There may be environments where nearly all the business logic gets handled in the stored procedures, which can lead to large and bulky stored procedures that are very difficult to handle. Alternatively, there could also be an environment where the business logic is handled in the application and the stored procedures perform the CRUD operations. In your environment, it is necessary to determine how the business logic and CRUD operations will be supported.
SQL views are virtual tables that can be a great way to optimize the database experience. Not only are views good for defining a table without using extra storage, but they also accelerate data analysis and can provide data with extra security.
Benefits of using views:
- Security - Views prevent someone from seeing the underlying tables and gives the DBA the option to expose only specific data to users while protecting other data simultaneously.
- Simplicity - You can hide complicated queries behind views. They can be hidden from the person browsing the site, but you can reuse the queries easily.
- Column Name Simplification or Clarification - Using views, columns can be given aliases to make them more recognizable.
- Additional Options - Views can help you process more complex queries. They work in a "multi-level" query and often have more options than standard table queries.
Let us create a simple SELECT query that joins two tables together:
SELECT c.CompanyName , e.EmployeeName , e.ContactNo , e.Email FROM dbo.Companies c JOIN dbo.Employees e on e.CompID = c.ID;
Instead of running the whole SQL query (which can become very big), create a view to return the data.
CREATE VIEW dbo.EmployeeDetailsView AS SELECT c.CompanyName , e.EmployeeName , e.ContactNo , e.Email FROM dbo.Companies c JOIN dbo.Employees e on e.CompID = c.ID;
After the view is created, you can do a SELECT from the view:
SELECT * FROM dbo.EmployeeDetailsView
And you can also filter data from the view:
SELECT * FROM dbo.EmployeeDetailsView WHERE CompanyName = 'Alpha Company';
As seen in the examples above, it can be a good idea to have no filter in the view definition but rather be able to filter data when selecting from the view.
However, it can also be a good idea to hide data from a user that you do not want the user to see.
User-Defined SQL Functions
SQL Server functions are sets of SQL statements that execute a specific task. Their primary use is to allow common tasks to be easily replicated.
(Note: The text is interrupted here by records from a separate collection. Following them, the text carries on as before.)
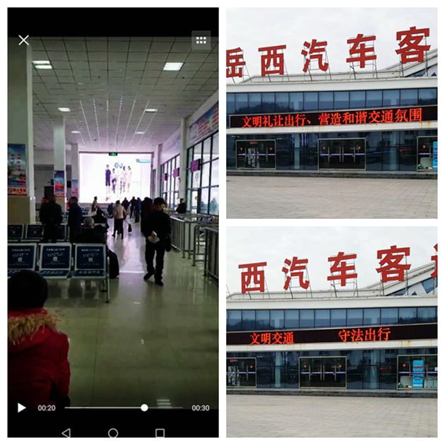 岳西分公司在交通運(yùn)輸部政府網(wǎng)站下載了《文明出行.和諧交通》、《綠色文明出行宣傳短片系列》、《文明乘車(chē).快樂(lè)出行》等公益廣告自12月24日開(kāi)始在車(chē)站候車(chē)廳電子大屏幕上滾動(dòng)播放。并利用車(chē)站對(duì)外宣傳電子屏制作了《文明交通.守法出行》、《文明禮讓出行.營(yíng)造和諧交通氛圍》等標(biāo)語(yǔ)。
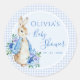 Adesivo Redondo Chá de fraldas de Aquarela de Coelho Azul Gingham
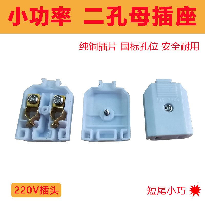 📚 220V家用二脚三孔可拆转动插座铜公母插头对接监控AC电源带线两角

The use of SQL Server functions is similar to that of functions in mathematics in that they correlate an input variable with output variables.
In SQL Server, you find four different types of functions:
- Scalar-valued Functions
- Table-valued Functions
- Aggregate Functions
- System Functions
The idea behind functions is to store them in the database and avoid writing the same code repeatedly.
Let us concentrate on the first two functions.
Create a Scalar-valued Function to Add Two Integers
CREATE or ALTER FUNCTION dbo.udfGetSum(@NumA int, @NumB int) RETURNS int AS BEGIN DECLARE @SumOfNumbers int SELECT @SumOfNumbers = @NumA + @NumB RETURN @SumOfNumbers END; -- Check the function SELECT dbo.udfGetSum(5,4);
Create a Table-valued Function to Return a Result Set
CREATE or ALTER FUNCTION dbo.udfGetEmployees(@CompID int) RETURNS TABLE AS RETURN SELECT * FROM dbo.Companies WHERE ID = @CompID; -- Check the function SELECT * FROM dbo.udfGetEmployees(1);
Above are the most straightforward implementations of functions in SQL Server. You can also use functions to return some values where you do not want to re-type the code repeatedly.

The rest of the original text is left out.